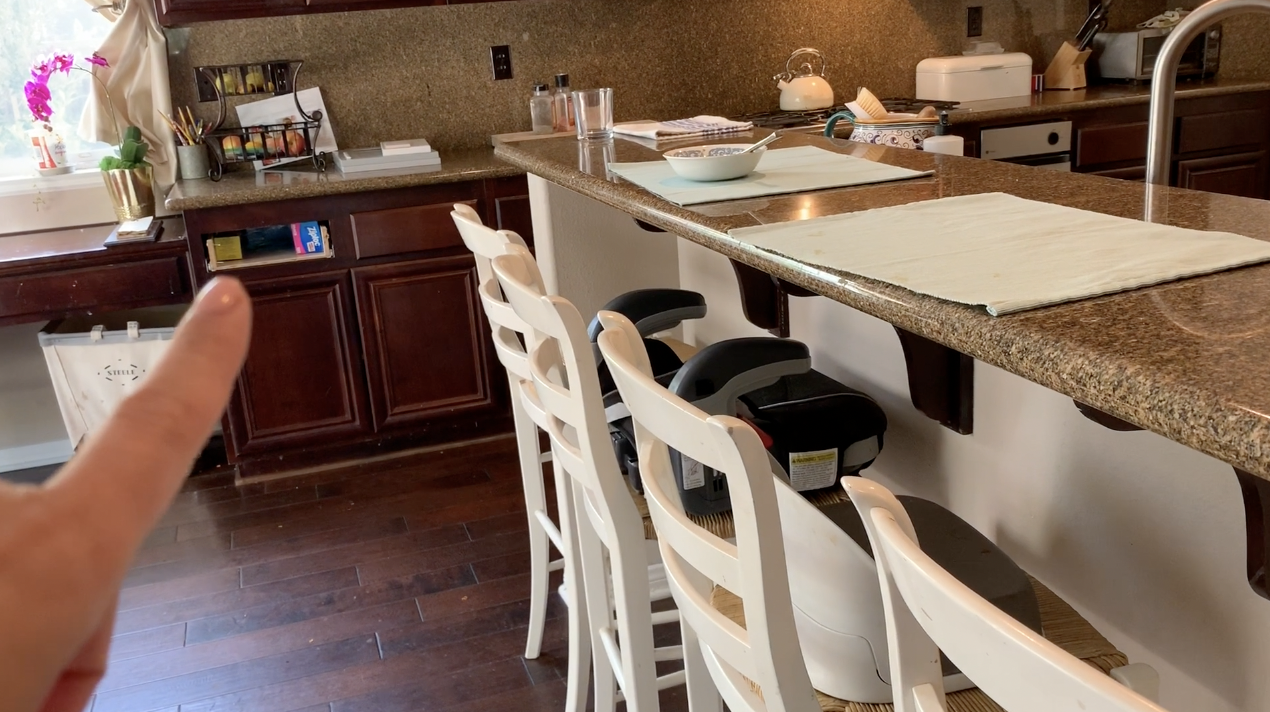 Ben, the girls, and I found ourselves sitting at the barstools to have our meals... we would usually be facing a sink of dishes. Meanwhile, the boys, would be in the high chair and another chair closer to the ground. We were all scattered, yet we didn't want to put a table next to the barstools because it would be too cluttered. With the really little kids we do not dine in our formal dining room everyday. With the upholstered chairs and carpet, it's just not practical. You will see our solution a few pictures down from here...
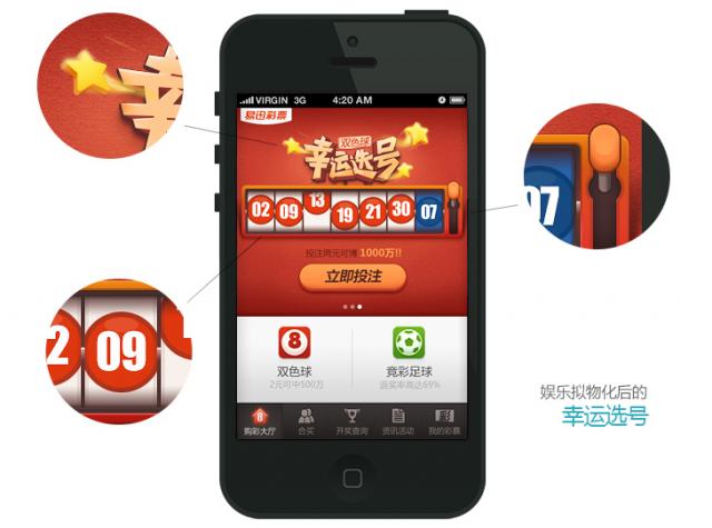 賭場中有一種拉霸抽獎的游戲機(jī),玩家通過拉動操作桿不斷刷新屏幕上的圖案來進(jìn)行抽獎。它操作簡單,玩法有趣很容易使人沉迷其中。這種拉霸抽獎的形式,非常富有隨機(jī)性,又含有博彩的寓意,操作展示形式也與隨機(jī)選號有很高契合度。因此我們將幸運(yùn)選號的功能布局進(jìn)行了重新設(shè)計,力求模擬成拉霸游戲機(jī)的形式來展現(xiàn)。用戶同樣只需要拉動操作桿,即可獲得一注雙色球號碼進(jìn)行投注,整個操作流程簡單有趣。
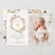 Den här eleganten Baptism eller julningstack som du kan använda har trendig vattenfärgsblommor i skugga av rosa, damm ro, och taupe med rikligt med grönt och modernt, faux guld kor i ett trendig geometriskt ram. Du kan lägga till ditt baby foto på framsidan. stänk dekorerar bakgrunden genom att titta på rosa.
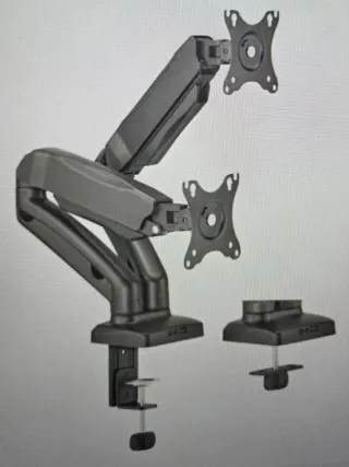 Soporte para dos pantallas con brazos articulados. Permite ajustar la posición de tus monitores. Marca Aisens Soporte de Mesa Pro Giratorio e Inclinable para Monitor/TV 9Kg de 17" a 32" Negro. - Base con pinza para fijar al escritorio. - Brazos giratorios e inclinables. - Placas VESA para montaje de pantallas.
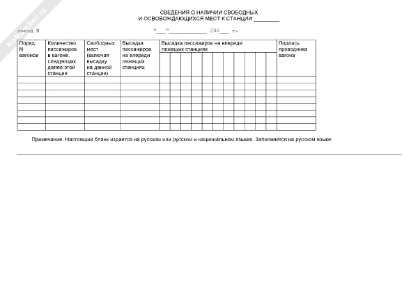 - 909Сведения о наличии свободных и освобождающихся мест к станции в международных пассажирских поездах на железных дорогах государств — участников СНГ, Латвийской Республики, Литовской Республики, Эстонской Республики. Форма № ЛУ-73
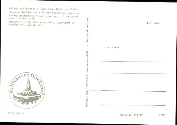 Ak Steinthaleben Kyffhäuserland in Thüringen, Kyffhäuser, Denkmal, Oberburg
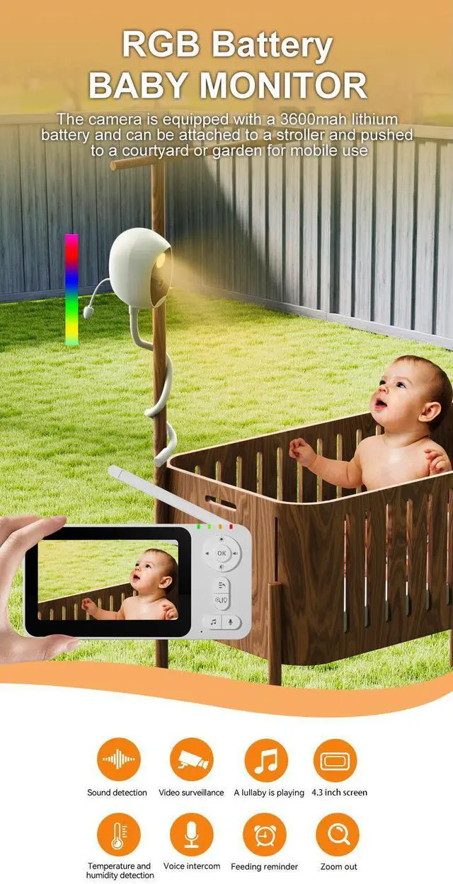 The camera is equipped with a 3600mah lithiumbattery and can be attached to a stroller and pushedto a courtyard or garden for mobile use
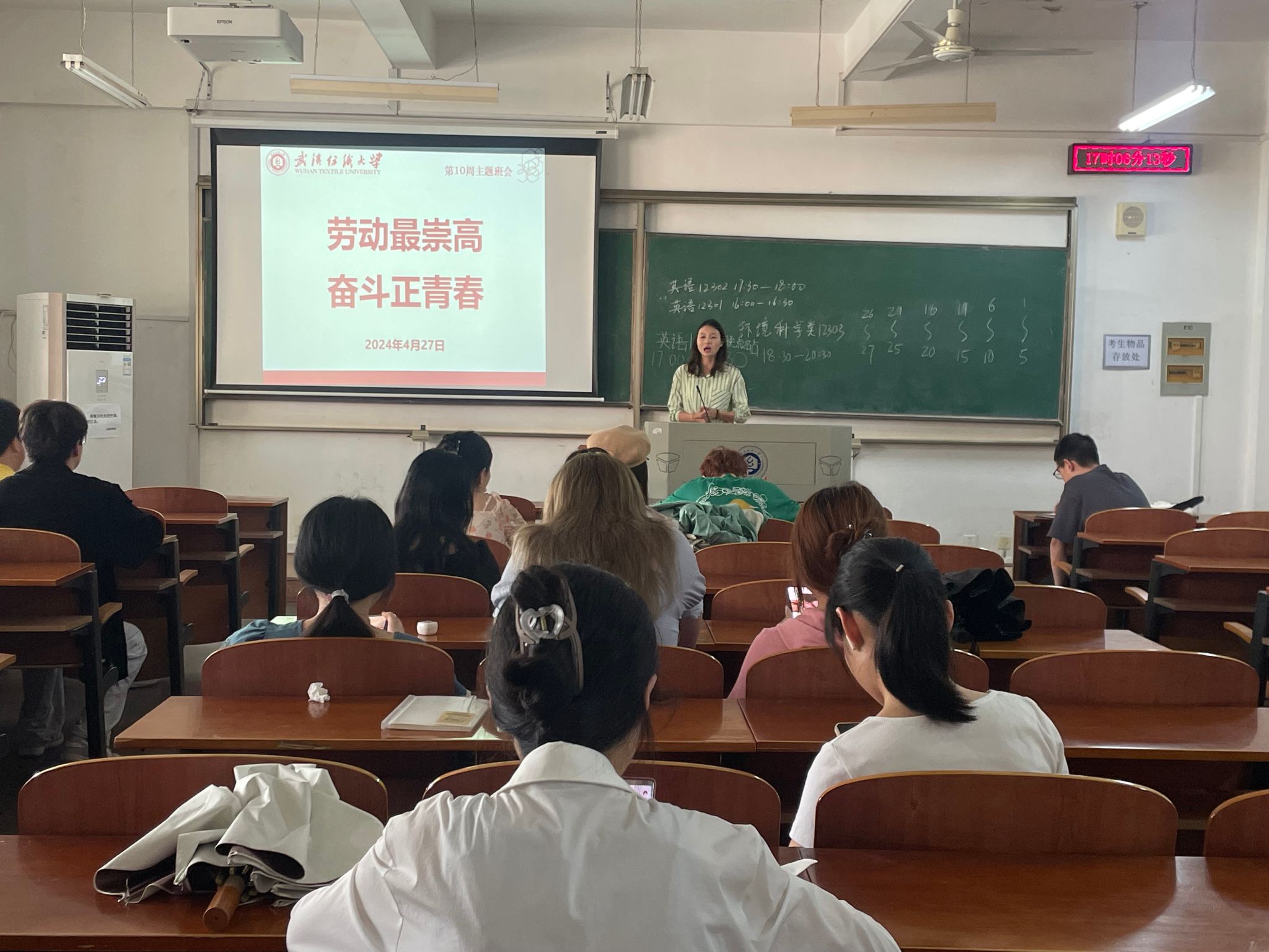 此外,班会还进行了五一假期安全提醒。班主任强调,同学们在享受假期的同时,要注意安全,遵守法律法规,合理安排时间,做到劳逸结合,确保度过一个安全、充实、愉快的假期。
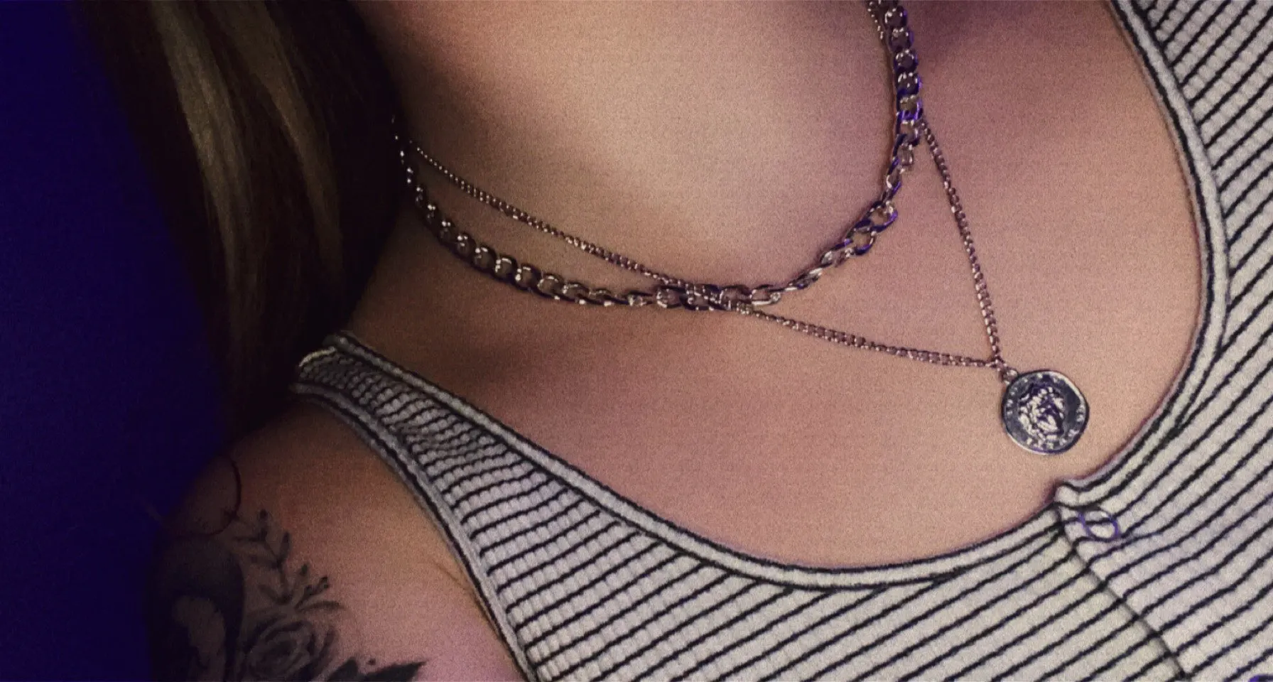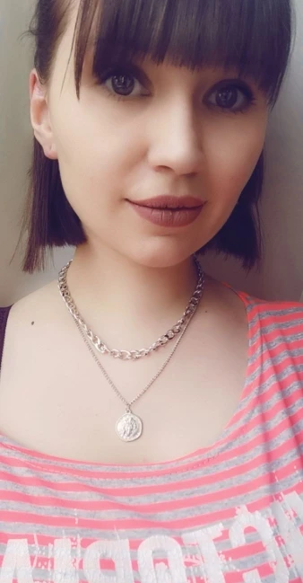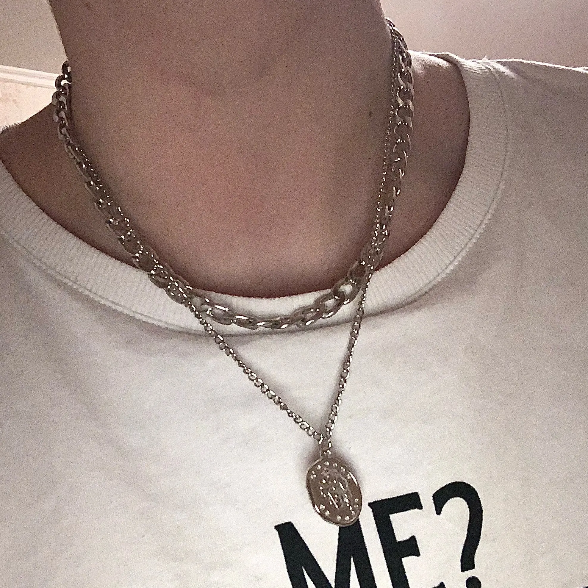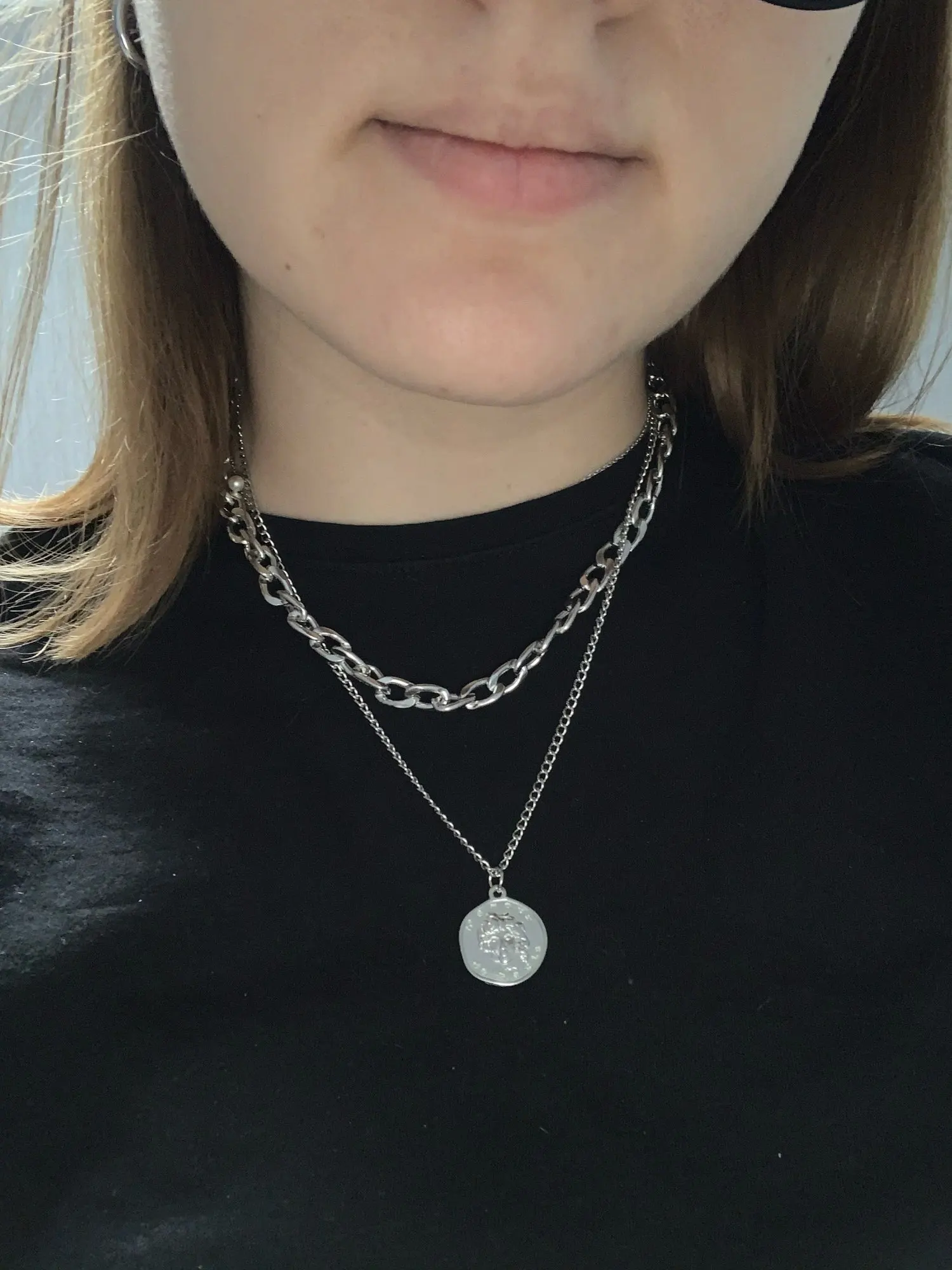 Очень тонкая и короткая цепочка, мне под горло. Не очень удобная

== == ==

- What you need to do -
Using the entries above, reproduce word for word only the lines from the one that contains "Den här eleganten" to the one that contains "Soporte para dos", both ends included, and drop every picture.

- Written solution -
 Den här eleganten Baptism eller julningstack som du kan använda har trendig vattenfärgsblommor i skugga av rosa, damm ro, och taupe med rikligt med grönt och modernt, faux guld kor i ett trendig geometriskt ram. Du kan lägga till ditt baby foto på framsidan. stänk dekorerar bakgrunden genom att titta på rosa.
 Soporte para dos pantallas con brazos articulados. Permite ajustar la posición de tus monitores. Marca Aisens Soporte de Mesa Pro Giratorio e Inclinable para Monitor/TV 9Kg de 17" a 32" Negro. - Base con pinza para fijar al escritorio. - Brazos giratorios e inclinables. - Placas VESA para montaje de pantallas.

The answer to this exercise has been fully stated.